No images, please. Copy each entry below exactly as it reads.
Start of Information provided
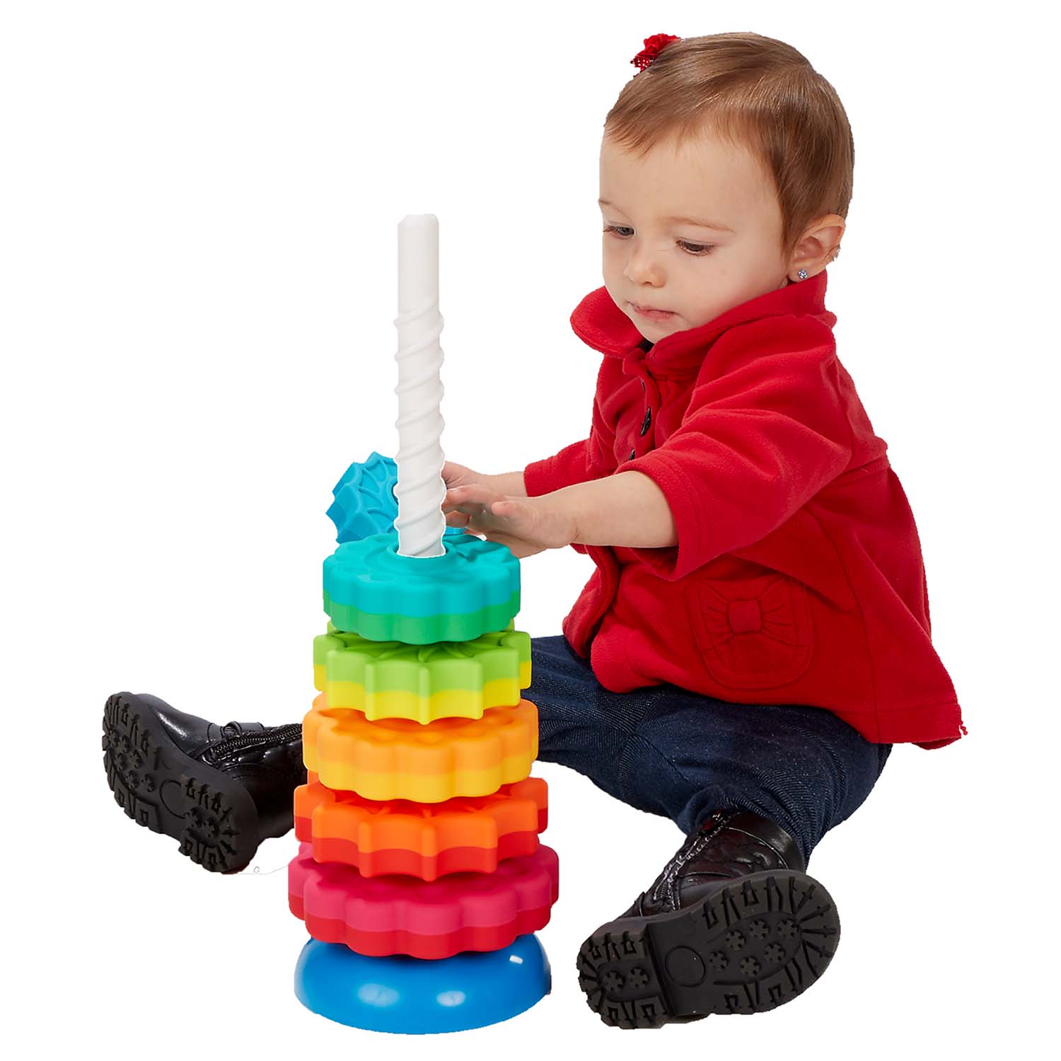 Place the sequentially sizes discs on the corkscrew-shaped rod one at a time and watch with fascination as they spin, twirl, and whirl to the bottom! Each disc is dual-colored, and from largest to smallest, they form a dynamic rainbow utilizing fun shades like magenta, lime, and teal, and your more traditional shades of lemon, red, and sky blue. The star-like discs alternate between daisy style and star-burst shapes, too.
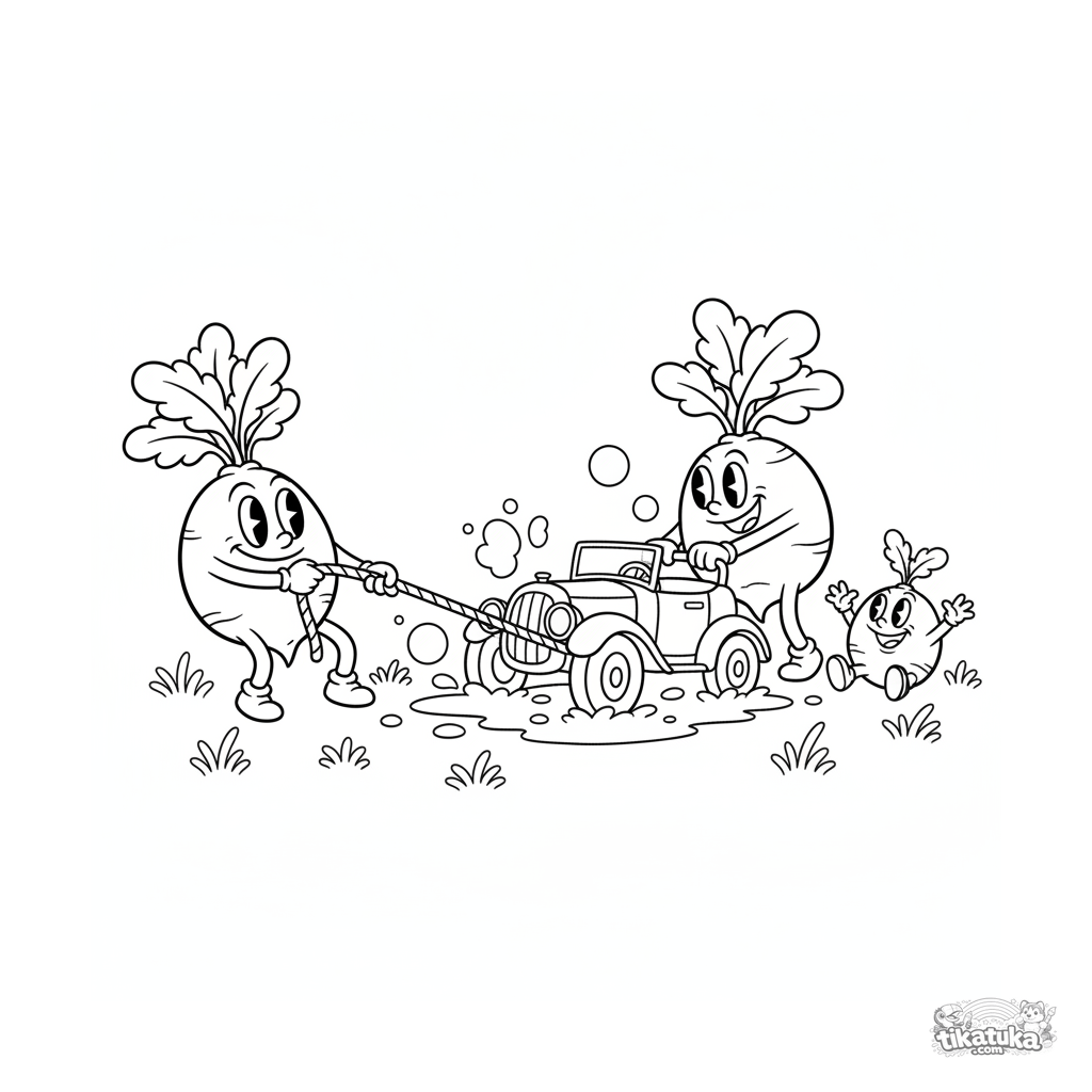 Página para colorear para 7-9 años: una familia divertida de rábanos rescata un coche pequeño del barro en el jardín. Estilo retro animado.
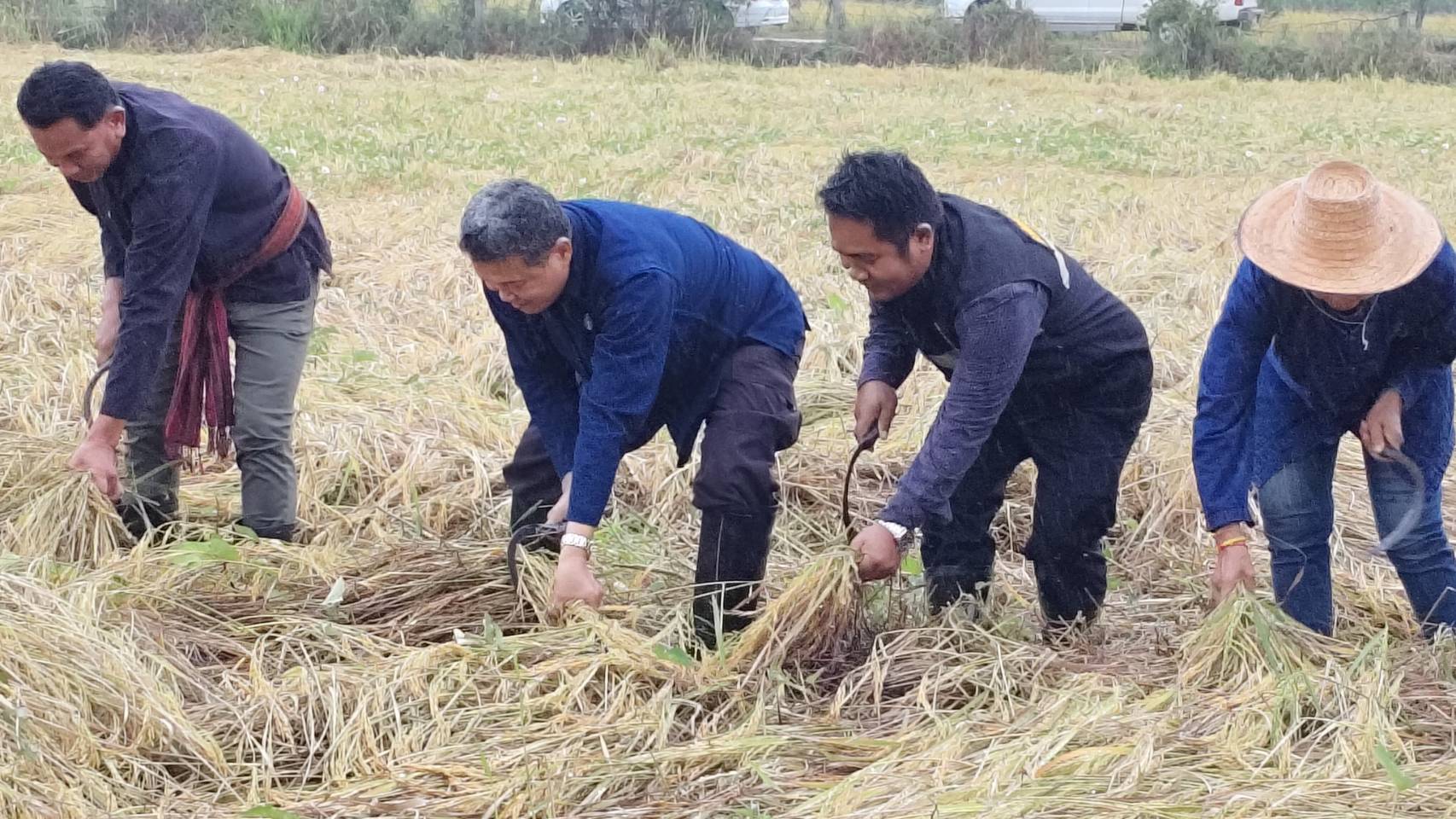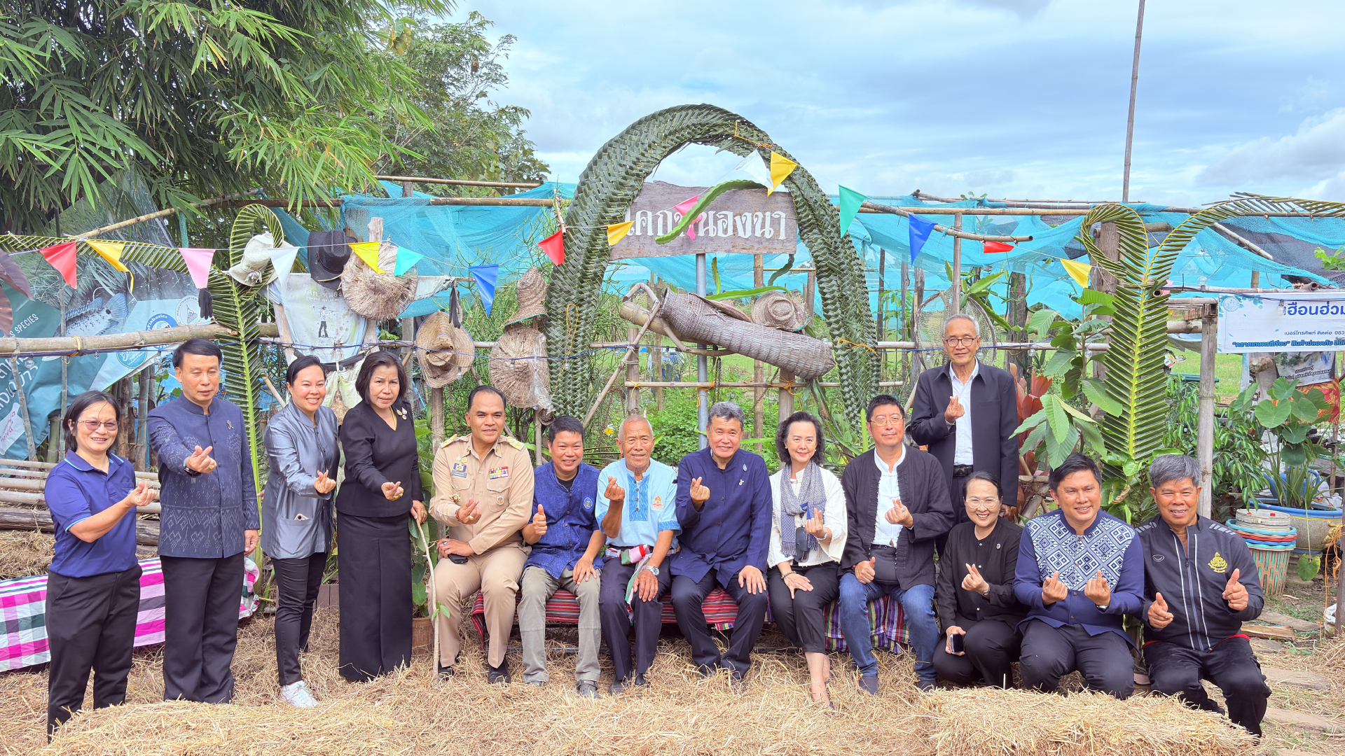 จากนั้น อดีตปลัดกระทรวงมหาดไทย พร้อมคณะ ได้เดินทางไปเยี่ยมชม ศูนย์การเรียนรู้โคกหนองนา หมู่บ้านเศรษฐกิจพอเพียงต้นแบบ ปีงบประมาณ พ.ศ. 2564 บ้านโนนโพธิ์ หมู่ที่ 5 ตำบลอ่างศิลา อำเภอพิบูลมังสาหาร จังหวัดอุบลราชธานี ของนางมาลัย สีแสด เนื้อที่ 3 ไร่ ซึ่งเป็นพื้นที่ต้นแบบและเป็นศูนย์อารยเกษตรเพื่อการเรียนรู้อย่างยั่งยืน โดย นางกนกอร โพธิ์สิงห์ พัฒนาการจังหวัดอุบลราชธานี ได้กล่าวถึงภารกิจสำคัญของกรมการพัฒนาชุมชน ได้แก่ ประชาสัมพันธ์และการรับลงทะเบียนโครงการคนละครึ่งพลัส การขับเคลื่อนงานกองทุนพัฒนาบทบาทสตรี การส่งเสริมการเรียนรู้และสร้างรายได้ตามหลัก โคกหนองนา ร่วมกับหน่วยงานและภาคีเครือข่ายที่เกี่ยวข้อง นอกจากนั้น ยังมีการนำผลผลิตทางการเกษตรจากเครือข่ายโคกหนองนาในพื้นที่ตำบลอ่างศิลา มาจำหน่าย หรือตลาดสีเขียว ซึ่งเข้าร่วมโครงการคนละครึ่งพลัสด้วย
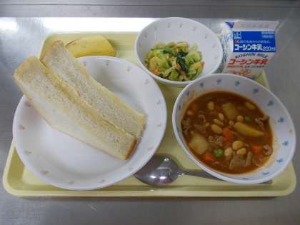今日の主食は『ハムチーズトースト』です。厚切りの食パンに、からしバターマヨ・ハム・チーズを挟んで、オーブンで焼き上げたホットサンドです。
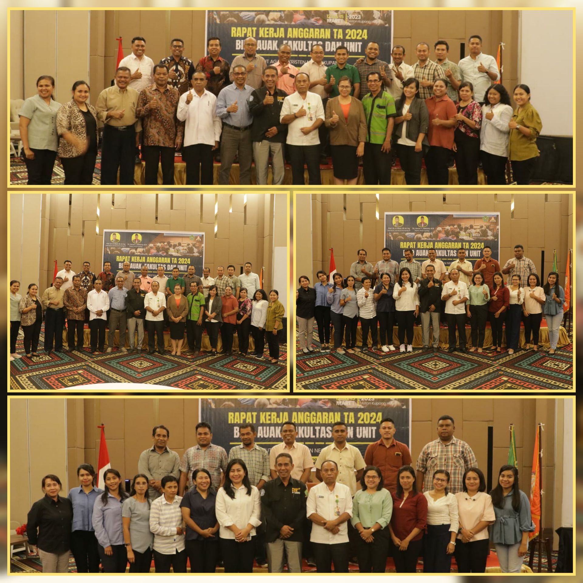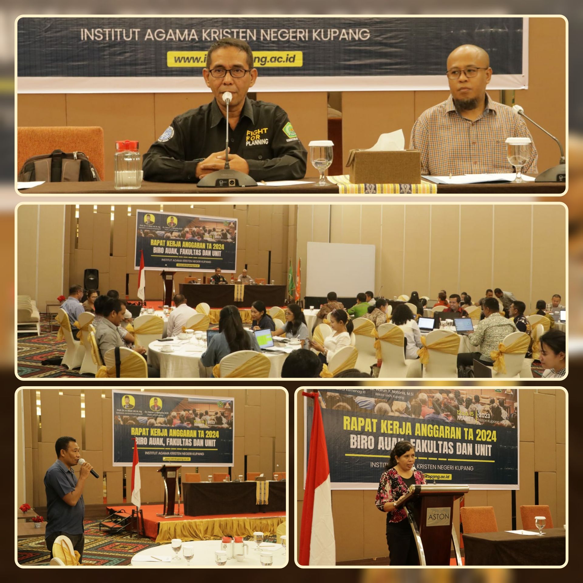 Hari ke – 2 (Kedua) Rapat Kerja Anggaran T.A 2024 Biro AUAK, Fakultas dan Unit IAKN Kupang Pada Senin, 13 Maret 2023 di Hotel Aston Kupang, Nusa Tenggara Timur dimulai dengan ibadah bersama yang dipimpin oleh Ibu Maria Indriani Sesfao, M.Pd.K.
End of Information provided
> [Expected answer]:
 Place the sequentially sizes discs on the corkscrew-shaped rod one at a time and watch with fascination as they spin, twirl, and whirl to the bottom! Each disc is dual-colored, and from largest to smallest, they form a dynamic rainbow utilizing fun shades like magenta, lime, and teal, and your more traditional shades of lemon, red, and sky blue. The star-like discs alternate between daisy style and star-burst shapes, too.
 Página para colorear para 7-9 años: una familia divertida de rábanos rescata un coche pequeño del barro en el jardín. Estilo retro animado.
 จากนั้น อดีตปลัดกระทรวงมหาดไทย พร้อมคณะ ได้เดินทางไปเยี่ยมชม ศูนย์การเรียนรู้โคกหนองนา หมู่บ้านเศรษฐกิจพอเพียงต้นแบบ ปีงบประมาณ พ.ศ. 2564 บ้านโนนโพธิ์ หมู่ที่ 5 ตำบลอ่างศิลา อำเภอพิบูลมังสาหาร จังหวัดอุบลราชธานี ของนางมาลัย สีแสด เนื้อที่ 3 ไร่ ซึ่งเป็นพื้นที่ต้นแบบและเป็นศูนย์อารยเกษตรเพื่อการเรียนรู้อย่างยั่งยืน โดย นางกนกอร โพธิ์สิงห์ พัฒนาการจังหวัดอุบลราชธานี ได้กล่าวถึงภารกิจสำคัญของกรมการพัฒนาชุมชน ได้แก่ ประชาสัมพันธ์และการรับลงทะเบียนโครงการคนละครึ่งพลัส การขับเคลื่อนงานกองทุนพัฒนาบทบาทสตรี การส่งเสริมการเรียนรู้และสร้างรายได้ตามหลัก โคกหนองนา ร่วมกับหน่วยงานและภาคีเครือข่ายที่เกี่ยวข้อง นอกจากนั้น ยังมีการนำผลผลิตทางการเกษตรจากเครือข่ายโคกหนองนาในพื้นที่ตำบลอ่างศิลา มาจำหน่าย หรือตลาดสีเขียว ซึ่งเข้าร่วมโครงการคนละครึ่งพลัสด้วย
今日の主食は『ハムチーズトースト』です。厚切りの食パンに、からしバターマヨ・ハム・チーズを挟んで、オーブンで焼き上げたホットサンドです。
 Hari ke – 2 (Kedua) Rapat Kerja Anggaran T.A 2024 Biro AUAK, Fakultas dan Unit IAKN Kupang Pada Senin, 13 Maret 2023 di Hotel Aston Kupang, Nusa Tenggara Timur dimulai dengan ibadah bersama yang dipimpin oleh Ibu Maria Indriani Sesfao, M.Pd.K.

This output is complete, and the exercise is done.